La régularisation des livreurs de repas à domicile est-elle une avancée sociale majeure ?

Rien n'indique pour l'instant un souhait de la France de marcher dans les pas de l'Italie

La régularisation des livreurs de repas à domicile est-elle une avancée sociale majeure ?

Souvent critiquées pour la condition trop précaires de leurs livreurs, les enseignes telles que Deliveroo, Uber Eats, ou Just Eat, sont de plus en plus réglementées par les gouvernements européens. Une réglementation plus stricte avec des points positifs, mais également quelques éléments néfastes.

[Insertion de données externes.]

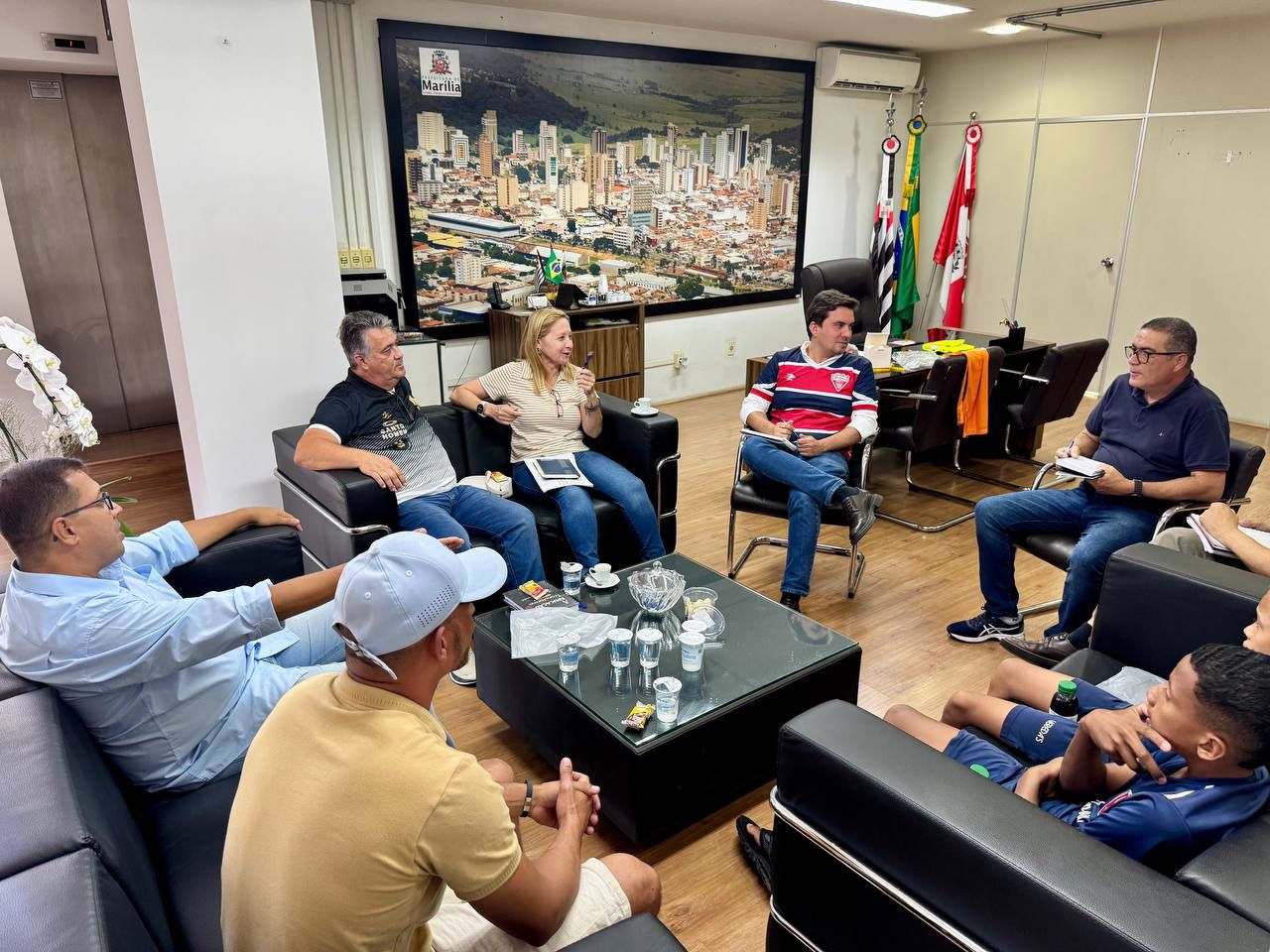 O prefeito de Marília, Vinicius Camarinha (PSDB), recebeu em seu gabinete membros da escolinha de futebol Inter Sport, do Centro Esportivo da Vila Altaneira. O encontro contou com a participação da secretária municipal de Esportes, Lazer e Juventude, Valeria Cavecci.
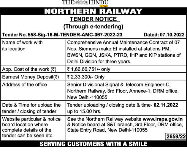 Comprehensive Annual Maintenance Contract of 07 Nos. Siemens make El installed at stations PM, BWSN, GGN, JSKA, PTRD, IHP and KIP stations of Delhi Division for three years.
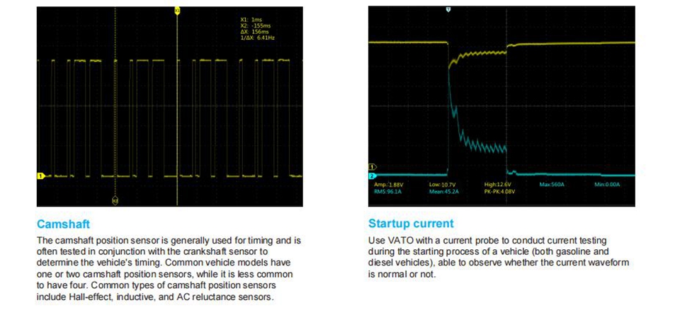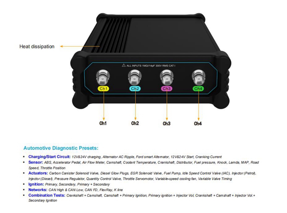 - VATO2004 is a portable affordable split-type automotive diagnostic oscilloscope, most compact design with a built-in battery. It features 200MHz bandwidth, 4 channels, 1GSa/s sampling rate, up to 50Mpts memory depth.
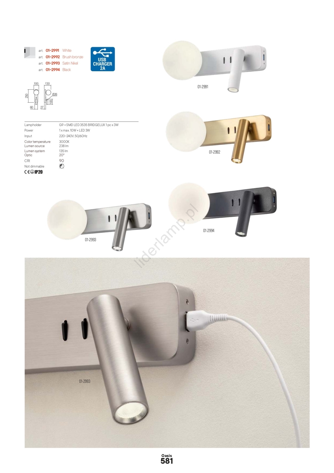 • Redo 01-2991 - Kinkiet LED OASIS LED/3W/230V + 1xG9/10W USB CRI 90 biały

Cette semaine, le gouvernement italien a pris la décision de rendre obligatoire l’embauche de 60 000 livreurs pour les enseignes de livraison de repas à domicile. Ces dernières ont 90 jours pour réguler la situation, sans quoi de lourdes amendes seront distribuées. Une décision pas encore définitive, puisque Deliveroo & co comptent faire appel, mais qui reste lourde de conséquences. Ces dernières semaines, les témoignages de livreurs se multiplient sur la précarité de l’emploi. Absence de couverture sociale, sous-location de profil de livreurs, ou encore faible rémunération, les éléments à charge ne manquent pas, et ont donc contraint l’Italie a prendre une décision historique. Cette décision sera-t-elle pour autant précurseur de rendus similaire en Europe, et notamment en France ? Rien n’est moins sûr.

Une avancée sociale évidente mais imparfaite

Les points positifs d’une telle décision sont nombreux. Une embauche permettrait aux livreurs de bénéficier de la couverture sociale classique d’un travailleur français, comme l’arrêt maladie, les congés payés, ou la cotisation retraite. Cela permettrait également la fin de l’exploitation de travailleurs sans-papiers. De nombreux livreurs louent en effet leur profil à des sans-papiers souhaitant travailler, les exploitant pour des sommes souvent dérisoires. Une avancée sociale donc, qui comporte tout de même quelques points négatifs, comme l’explique Jordan, livreur et syndiqué depuis près de 2 ans : « Ce serait évidemment quelque chose de bien dans le sens où l’on serait davantage protégés. Mais il existe certaines zones d’ombre, notamment pour ceux qui, comme moi, sont livreurs uniquement en complément d’un autre job. On ne pourrait plus choisir nos horaires, et on devrait surement abandonné cet appoint ». Si la France souhaite prendre exemple sur son voisin transalpin, et réguler l’embauche des livreurs, elle devra distinguer les travailleurs à plein temps, et les travailleurs d’appoint, afin de ne laisser personne sur le carreau.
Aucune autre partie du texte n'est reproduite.